И ночью бойцы разведгруппы стали прорываться через линию фронта, а когда попали под минометный обстрел, тот испанец, который хотел уйти в одиночку, закрыл его своим телом и был сражен осколком, предназначавшимся для товарища.

Все эти факты, упомянутые в отчете о служебной командировке в Испанию, мог вспомнить Иван Вдовин…

Но мне почему-то казалось, что он должен был вспоминать о том, как впервые увидел мою мать.

Ее лицо возникло из светлого пятна, когда после многодневного беспамятства к нему вернулось сознание и он наконец открыл глаза.

Пятно постепенно отдалялось, его очертания становились все четче и четче, фокусируясь на сетчатке глаз, как будто кто-то подкручивал в его сознании невидимую рукоятку, наводя объектив на резкость, пока это светлое пятно не превратилось в женское лицо.

В тот момент выхода из небытия весь мир сконцентрировался для него в этом незнакомом женском лице. Он вцепился в него взглядом, изо всех сил стараясь не дать ему снова расплыться в светлое пятно, чтобы не потерять сознания.

Это и была она…

А еще я думаю, что он вспомнил, как мать впервые вывела его на прогулку в госпитальный двор, как он зажмурился от внезапно ослепившего его тусклого зимнего солнца, искрящегося снега, как перехватил ему дыхание первый глоток морозного воздуха…

И конечно, он обязательно должен был вспоминать их поездку в Сочи, потому что это были лучшие дни в их короткой совместной жизни.

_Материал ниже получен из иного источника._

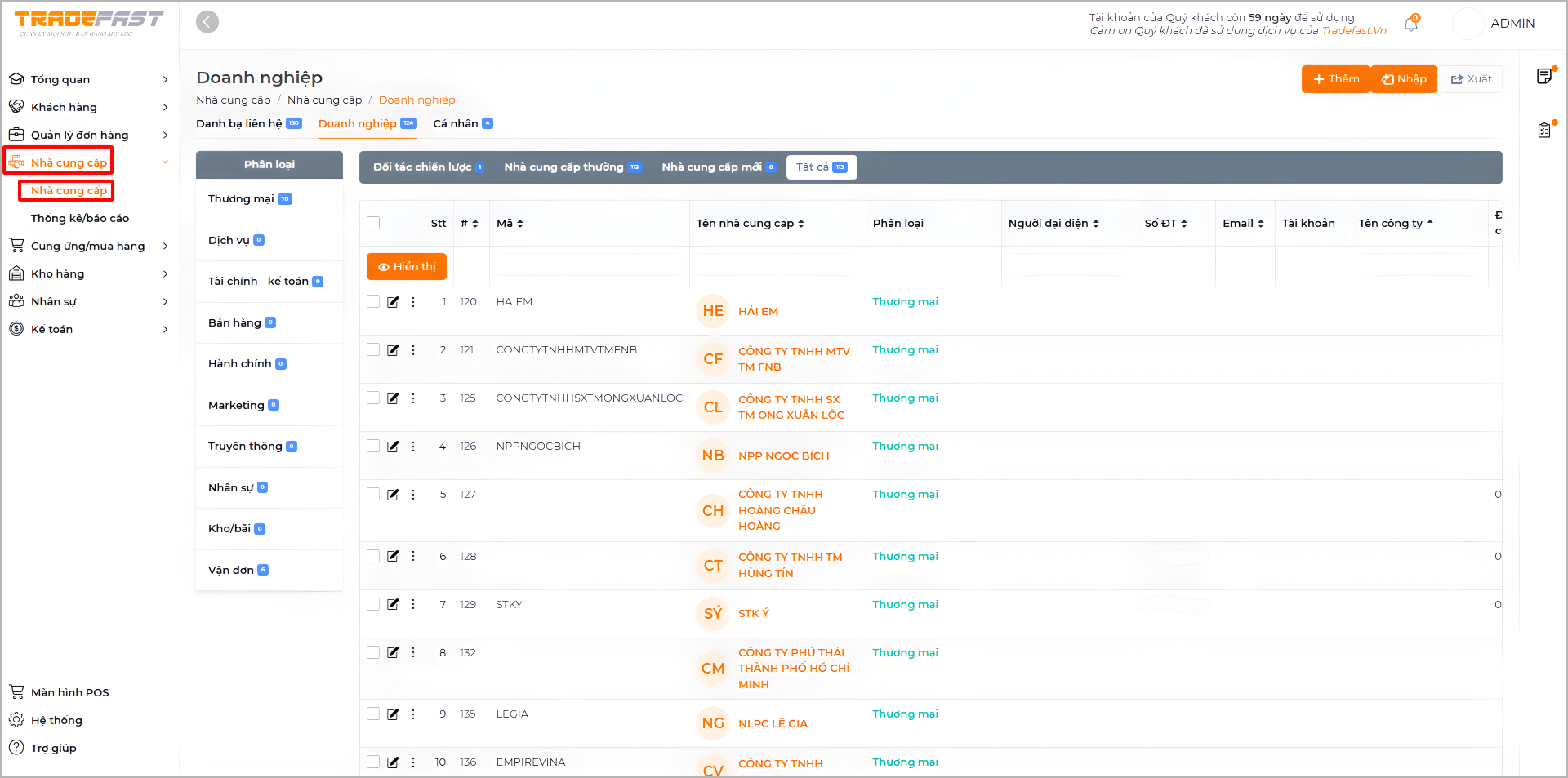 Cách phân loại này giúp người dùng dễ dàng tra cứu, quản lý và ưu tiên làm việc với từng nhóm nhà cung cấp.

Мои предположения о ходе его мыслей переросли в уверенность, когда я дочитал справку до конца. Если бы он не думал обо всем этом, он, наверное, принял бы другое решение…

От воспоминаний Ивана Вдовина отвлекли какие-то странные звуки.

Он прислушался: внутренняя тюрьма жила своей обычной и от этого еще более страшной жизнью.